* [Directions]
For the entries that follow, retype exactly the lines from the one containing "Două stivuitoare permit" to the one containing "מוזמנות ומוזמנים להרצאה", inclusive, and only those. Images stay out of the copy.

── Supplied information

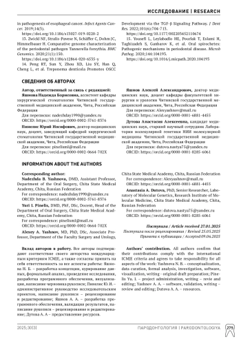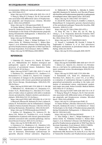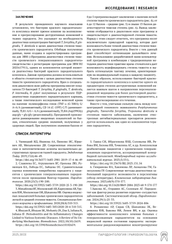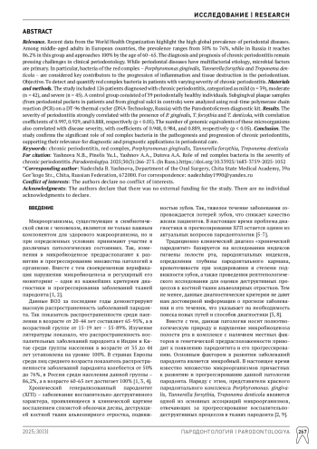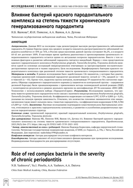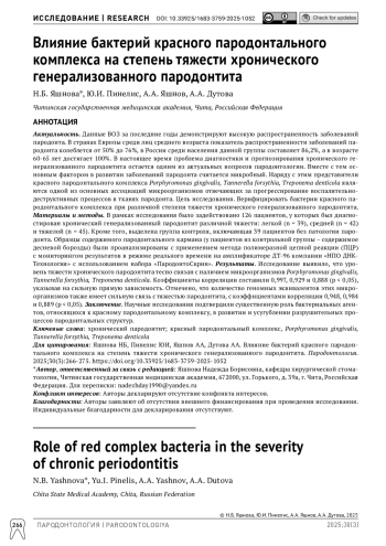 ЯШНОВА Н. Б., ПИНЕЛИС Ю. И., ЯШНОВ А. А., ДУТОВА А. А. ВЛИЯНИЕ БАКТЕРИЙ КРАСНОГО ПАРОДОНТАЛЬНОГО КОМПЛЕКСА НА СТЕПЕНЬ ТЯЖЕСТИ ХРОНИЧЕСКОГО ГЕНЕРАЛИЗОВАННОГО ПАРОДОНТИТА // ПАРОДОНТОЛОГИЯ. 2025. № 3, ТОМ 30
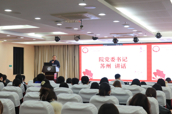 为深入开展党史学习教育,全面贯彻学习党的十九届六中全会精神,11月24日中午,国产直播 于学院A0305报告厅举办了“回望百年星火中国,坚守时代青年担当”主题信仰公开课。院党委书记苏州、党委副书记胡苹及本科生、研究生团员代表出席本次活动。
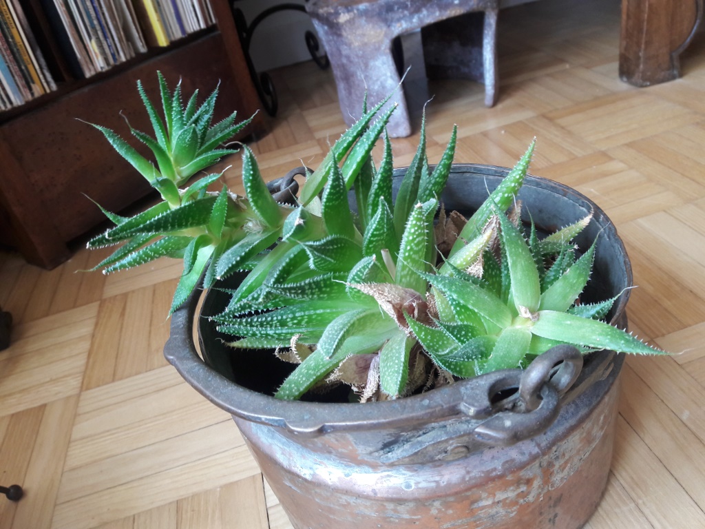 Voici une Echeveria (je crois), qui semble tenter une escapade. Je ne sais pas s'il convient de faire quelque chose pour cette plante ou s'il vaux mieux la laisser tranquille, si vous avez une idée sur la question, je suis preneuse.
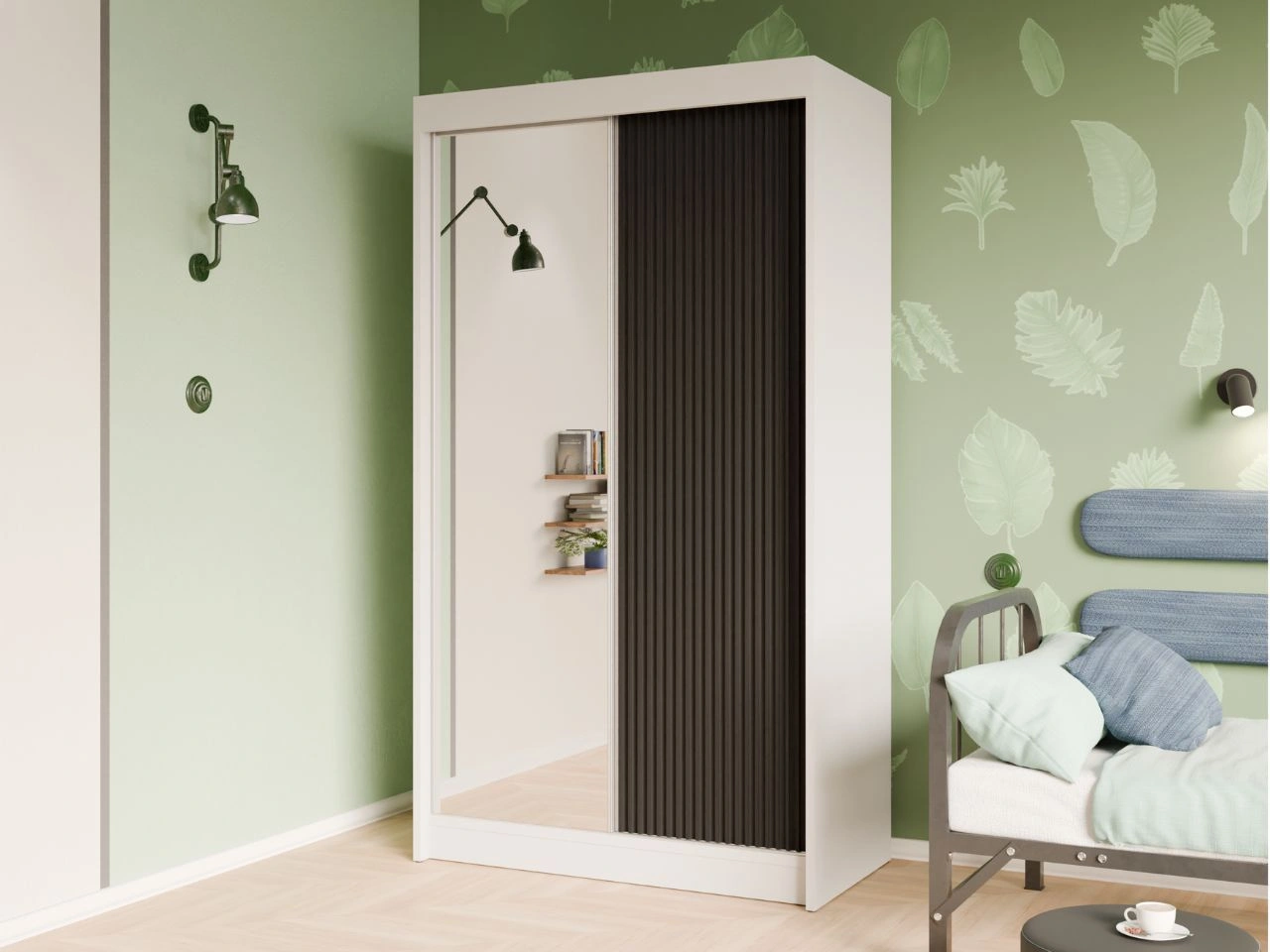 Ilość produktów: 177Szafa przesuwna z ryflowanym frontem i lustrem 120 cm Fano Biała, Czarna
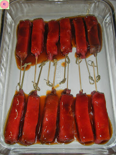 Dans un bol, délayez 3 cuillères à soupe de sauce teriaki avec 3 cuillères à soupe d'eau. Badigeonnez les brochettes avec cette sauce et laissez mariner au moins 1 heures en tournant les brochettes de temps en temps.
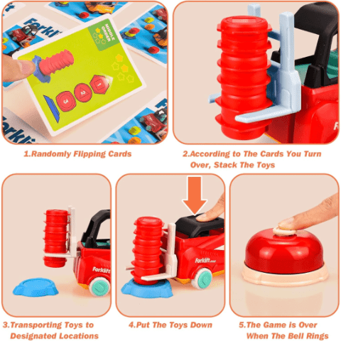 Două stivuitoare permit joc în echipă sau duel cronometrat, încurajând cooperarea și strategia.
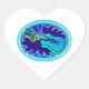 Adesivo Coração Ukulele com folhas e círculo de flores, azul
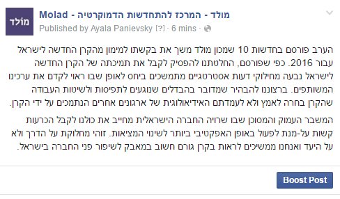 מוזמנות ומוזמנים להרצאה של ראש מחלקת תחקירים במולד, ליאת שלזינגר, על מימון הימין: https://twitter.com/Schlesi/status/714328512409296896 …
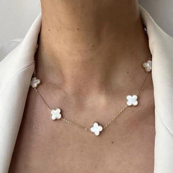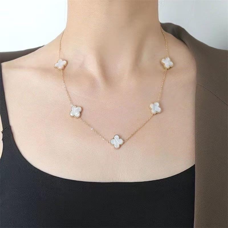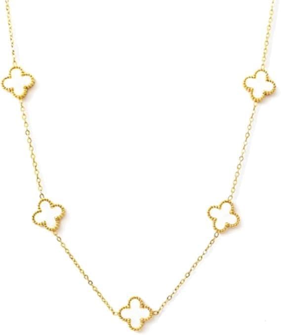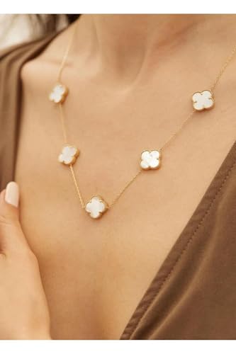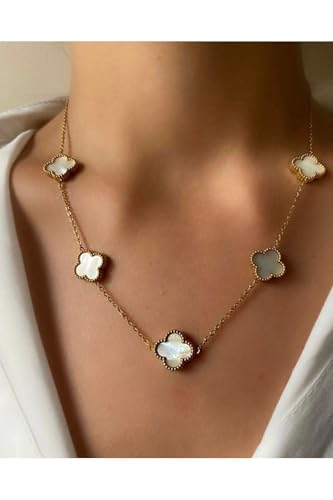 Generic - قلادة ذهبية - قلادة رائعة من أربع أوراق برسيم مع سلسلة رقيقة وتصميم محطة زهور لإضفاء لمسة من الأناقة
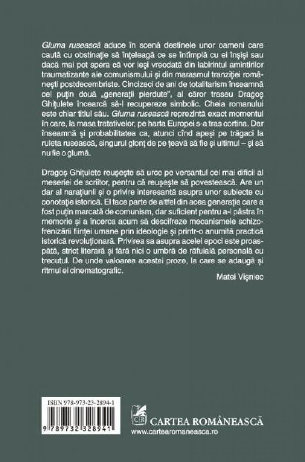 Cheia romanului este chiar titlul sau. Gluma ruseasca reprezinta exact momentul in care, la masa tratativelor, pe harta Europei s-a tras cortina. Dar inseamna si probabilitatea ca, atunci cand apesi pe tragaci la ruleta ruseasca, singurul glont de pe teava sa fie si ultimul si sa nu fie o gluma.
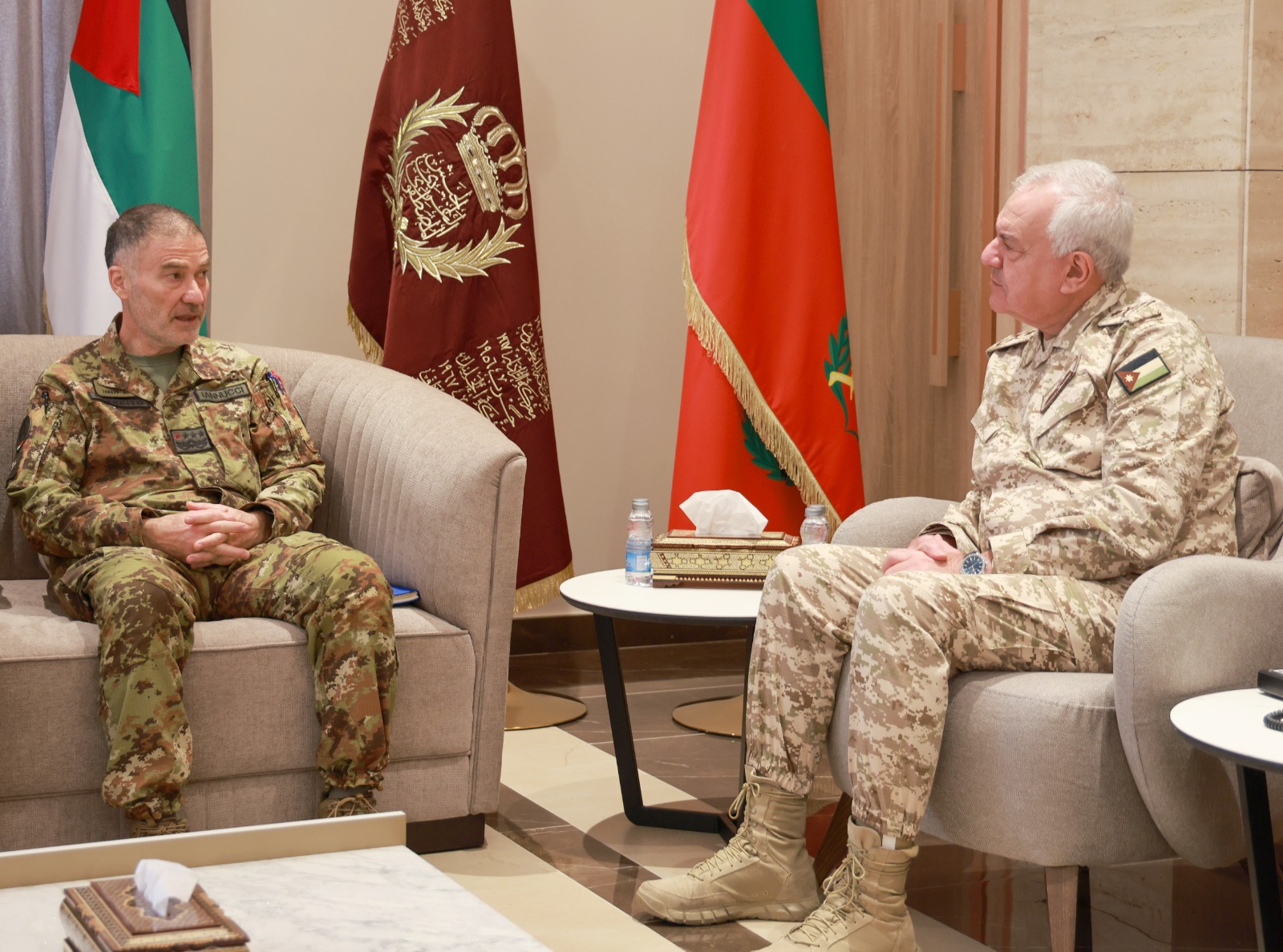 أردني – استقبل رئيس هيئة الأركان المشتركة اللواء الركن يوسف أحمد الحنيطي اليوم الخميس، في مكتبه بالقيادة العامة، قائد قيادة العمليات المشتركة للجيش الإيطالي، الفريق جوفاني ماريا يانّوتشي، وقائد القوات الخاصة الإيطالية الفريق باولو بيتسوتّي والوفد المرافق.
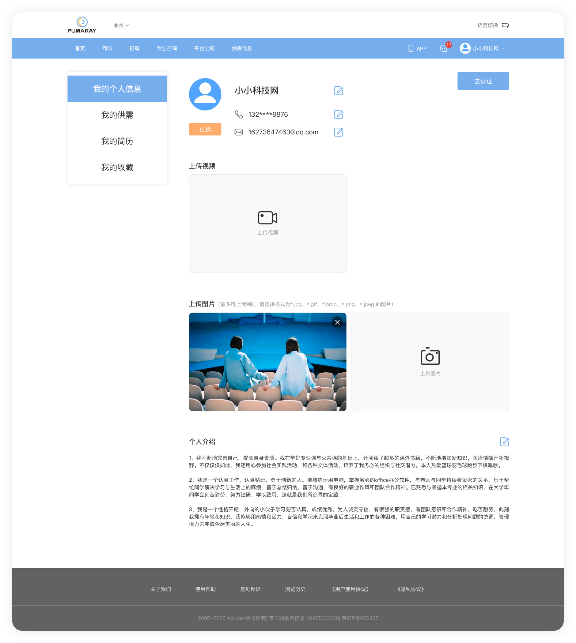 標瑪光圈(PUMARAY),是一款針對非洲那邊用工的招聘平臺。針對的痛點就是客戶在非洲招聘華人成本比較高,做個招聘平臺,企業(yè)可以發(fā)布招聘需求, 還有供需求信息在平臺發(fā)布,幫助華人和招聘需求方建立溝通橋梁,方便信息通暢。
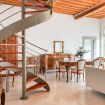 -SALONE: luminoso salone con tavolo da pranzo, divano, impianto stereo, scala di accesso al soppalco.
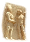 Рис. 3. Артефакты у святилища Ваагна. Рукопожатие царя с вождем диких племен свидетельствует об установлении мира.  На головном уборе царя изображение льва
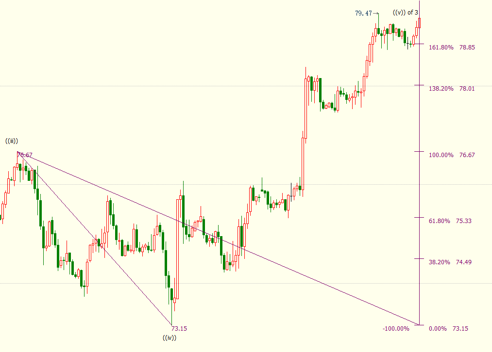 小时图上看,油价处于自73.15美元开启的上行((v))浪,上破176.4%目标位79.36美元,上方阻力看向185.4%目标位79.68美元。((v))浪是自67.58美元开启的上行3浪的子浪。
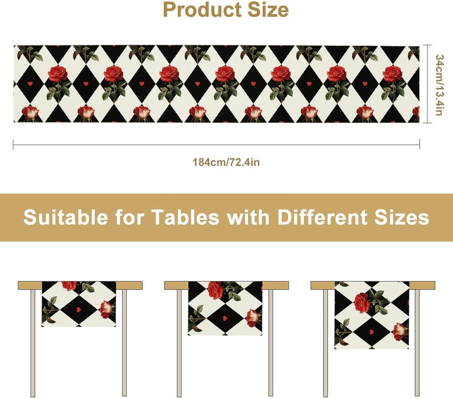 Vintage Rose Table Runner, Red Rose Hearts Black White Checkered Background Table Runner for Kitchen Dinning Table Runner Decor Home Wedding Party Holiday, 13x90 Inch
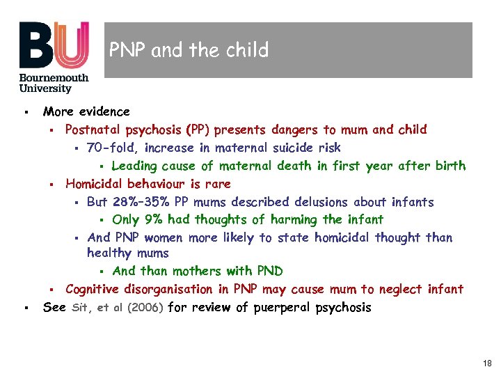 PNP and the child § Serious illness with extremely serious implications for infant § High risk of suicide and infanticide § Potentially dangerous delusions § § Paranoid symptoms may cause mum to hide symptoms Attention and cognition also a problem § Both of those are important in caring for baby § Or care for herself § Mum may harm baby § She may not be able to focus properly § § Or act quickly enough May damage bonding and attachment 17
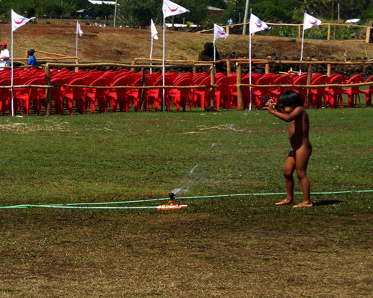 Questa selezione di trenta fotografie nasce da un’esperienza di cinque anni sull’isola, un periodo in cui l’autrice ha potuto immergersi nella vita quotidiana sull’isola, conoscendone usanze, tradizioni e paesaggi nascosti. L’integrazione nella vita locale e il lavoro nel campo della grafica le hanno permesso di affiancare progetti archeologici, contribuendo alle ricerche sulla colonizzazione dell’isola e sull’evoluzione della società rapanui.

────

* [Final answer]
 Două stivuitoare permit joc în echipă sau duel cronometrat, încurajând cooperarea și strategia.
 Adesivo Coração Ukulele com folhas e círculo de flores, azul
 מוזמנות ומוזמנים להרצאה של ראש מחלקת תחקירים במולד, ליאת שלזינגר, על מימון הימין: https://twitter.com/Schlesi/status/714328512409296896 …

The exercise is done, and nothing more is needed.